Intervention de Laurent Béteille

Réunion du 19 septembre 2007 à 16h00
Contrefaçon — Discussion d'un projet de loi

Photo de Laurent BéteilleLaurent Béteille, rapporteur :

Monsieur le président, madame le ministre, monsieur le secrétaire d'État, mes chers collègues, le texte que nous examinons vise, pour l'essentiel, à transposer une directive européenne de 2004 destinée à renforcer la lutte contre la contrefaçon.

Cette directive européenne est inspirée d'ailleurs en grande partie du droit français et de la procédure de saisie-contrefaçon, qui a montré son efficacité et pourra désormais être pratiquée dans tous les pays de l'Union européenne qui auront transposé cette directive. Elle apporte également au droit français un certain nombre d'atouts supplémentaires.

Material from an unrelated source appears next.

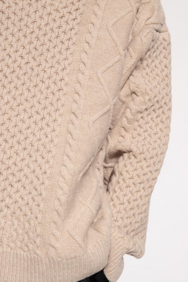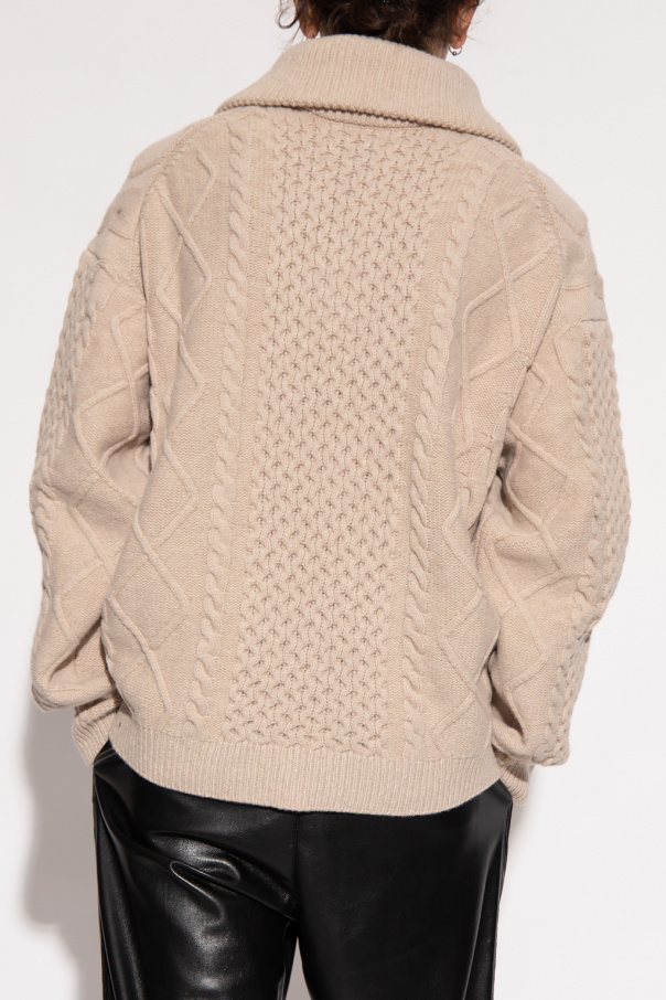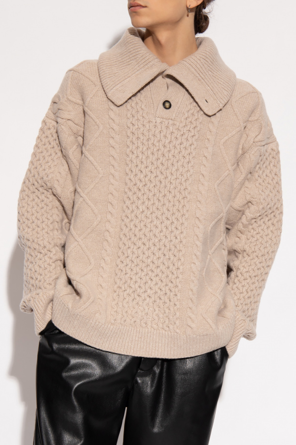 Light beige ‘Batu’ loose-fitting sweater from Nanushka. Made of a merino wool and cashmere blend, this garment features a funnel neck with buttons, decorative knit details and ribbed edges.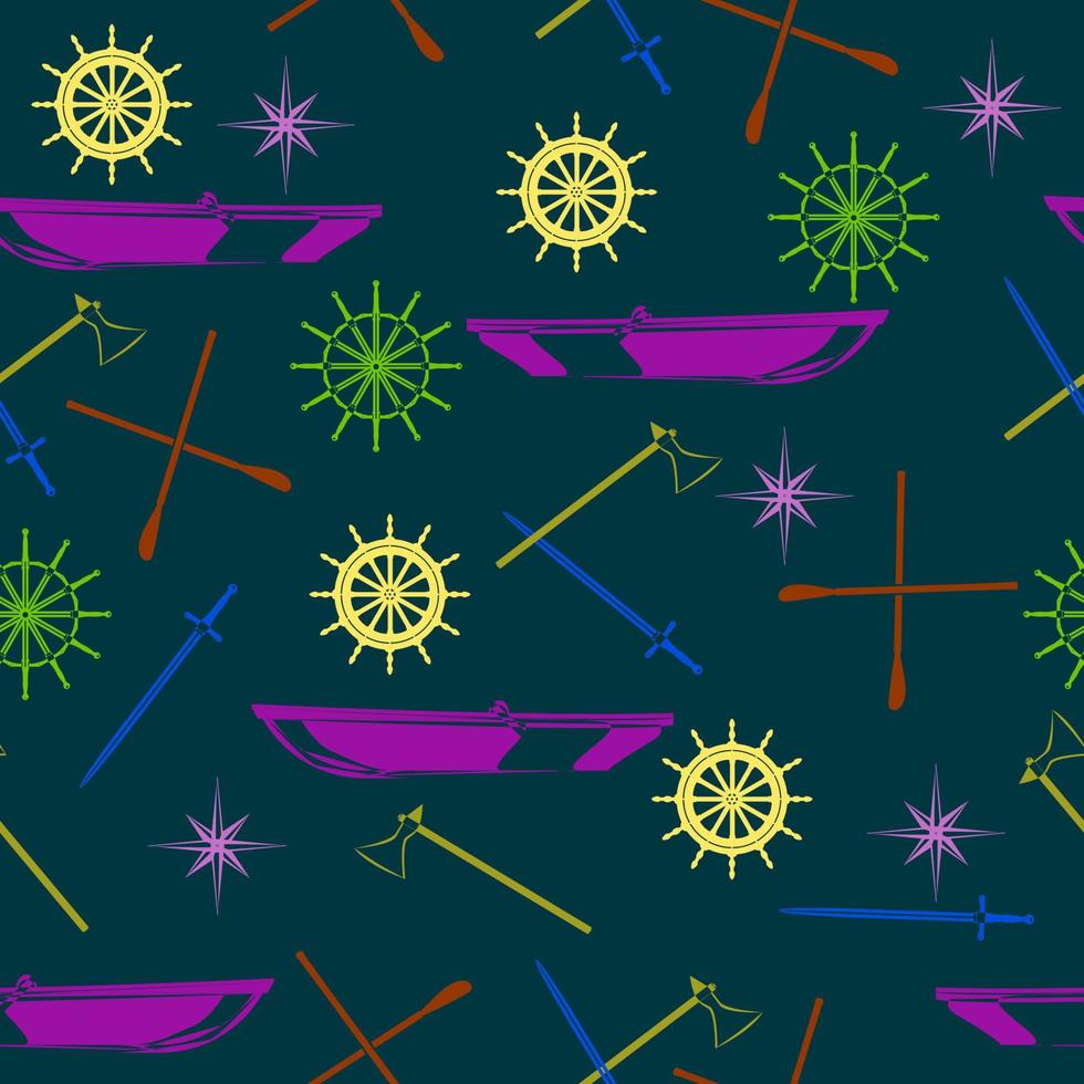 Boat, oars, steerling wheel, axe and sword in outline style. Seamless pattern. Sea texture. Printable design. Wallpaper element. Random square pattern. Pro Vector

Dans son exposé, Mme le ministre a insisté sur ce phénomène qui a pu, dans le passé, présenter un caractère artisanal et limité, mais est devenu aujourd'hui un véritable fléau de société, lourd de conséquences économiques, se traduisant par des destructions d'emplois, la pénalisation des entreprises les plus innovantes et une perte de ressources fiscales.

Je voudrais également insister sur un point souvent oublié : la contrefaçon cause un préjudice important au consommateur lui-même. Celui-ci croit parfois réaliser une bonne affaire, or ce n'est jamais le cas. En réalité, le rapport qualité-prix est toujours déplorable. Je pourrais citer l'exemple d'une personne qui a récemment rapporté d'un pays dont je tairais le nom un petit appareil électroménager. Cet appareil magnifique, portant le logo d'une marque fort connue, n'a fonctionné que trois jours et, depuis, personne n'a pu ni voulu le réparer. De tels engins, achetés à moitié prix, s'avèrent toujours de mauvaises affaires, soyons-en bien conscients !

À Roissy, je suis toujours surpris par les affiches informant le consommateur des risques pénaux qu'il encourt. Il me semblerait plus utile de lui dire qu'il fait une très mauvaise affaire chaque fois qu'il achète un bien contrefaisant. Cette vérité mériterait d'être rappelée plus souvent parce qu'un certain nombre de nos concitoyens ne s'en rendent pas forcément compte.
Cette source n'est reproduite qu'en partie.